Author Kathy Khang on why Christians need to speak up — on politics and everything else

“Raise Your Voice: Why We Stay Silent and How to Speak Up” and author Kathy Khang. Images courtesy of InterVarsity Press

(RNS) — It took Kathy Khang a lifetime to write “Raise Your Voice: Why We Stay Silent and How to Speak Up.” But it took just a week this summer for the Christian writer, speaker and yoga teacher’s first solo book to go into a second printing.

Khang first entertained the idea of writing a book about 10 years ago, but even with years of experience in journalism and a decade of campus ministry behind her, she didn’t think she had anything of value to say to readers.

In short, she silenced herself — something all too common, she said, in particular for women and people of color.

Now she hopes her fellow Christians will learn, as she did, that finding and raising one’s voice is not a “perfect science.” Drawing on the examples of Esther, Moses and others who find their voices in the stories of Scripture, she shows in the book how speaking up inevitably means making a few mistakes.

“For those of us who are Christians or come from a Christian background, the book we so revere actually reminds us that God invites imperfect people to raise our voices and to make a difference,” she said.

Khang also writes in “Raise Your Voice” about joining the Women’s March after President Trump took office, demonstrating at O’Hare International Airport in Chicago after Trump announced a travel ban affecting people traveling from Muslim-majority countries and using social media to call out white Christians on racism.

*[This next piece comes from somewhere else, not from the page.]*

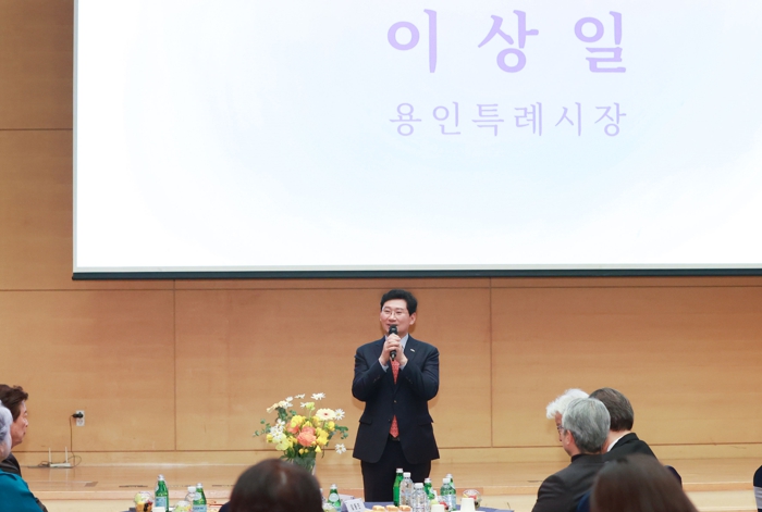 ▲ 지난 26일 용인특례시 문화원에서 열린 '제42회 대한민국연극제 용인' 홍보대사 위촉식에서 축사하고 있는 이상일 용인특례시장 |

In recent weeks, many people of faith also have spoken out online and in person about the #MeToo movement, Brett Kavanaugh’s nomination to the Supreme Court and the upcoming midterm elections. With those things in the news, she said, many Christians “are wrestling with what do they believe and how should that influence the way they engage with the world around them.”

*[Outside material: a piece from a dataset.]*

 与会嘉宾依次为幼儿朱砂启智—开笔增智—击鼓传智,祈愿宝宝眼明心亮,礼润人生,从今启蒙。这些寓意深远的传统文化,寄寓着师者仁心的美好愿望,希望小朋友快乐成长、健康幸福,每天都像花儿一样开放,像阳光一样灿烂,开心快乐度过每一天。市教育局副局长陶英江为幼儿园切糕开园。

But the book is not just about politics, the author said, and it’s not just for women.

Khang talked to Religion News Service about raising one’s voice at protests, on social media and around the dinner table. This interview has been edited for length and clarity.

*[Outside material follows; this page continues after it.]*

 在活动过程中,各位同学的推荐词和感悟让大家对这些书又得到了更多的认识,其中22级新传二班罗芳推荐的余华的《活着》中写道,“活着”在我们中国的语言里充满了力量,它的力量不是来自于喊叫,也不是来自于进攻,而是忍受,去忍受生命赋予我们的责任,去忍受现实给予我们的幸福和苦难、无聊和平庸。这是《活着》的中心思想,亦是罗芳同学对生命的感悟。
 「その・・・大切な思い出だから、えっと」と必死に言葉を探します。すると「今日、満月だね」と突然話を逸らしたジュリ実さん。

Why is it important for Christians to speak up on issues that are important to them?

I believe Christians ought to be engaged in civic duty as well as all that is going on in the world around us, in part because of what we believe and what we say we believe. It should be so basic when we pray the Lord’s Prayer (“Your kingdom come, your will be done on earth as it is in heaven”) that God’s kingdom is not going to come if we’re just sitting around and waiting to go to heaven.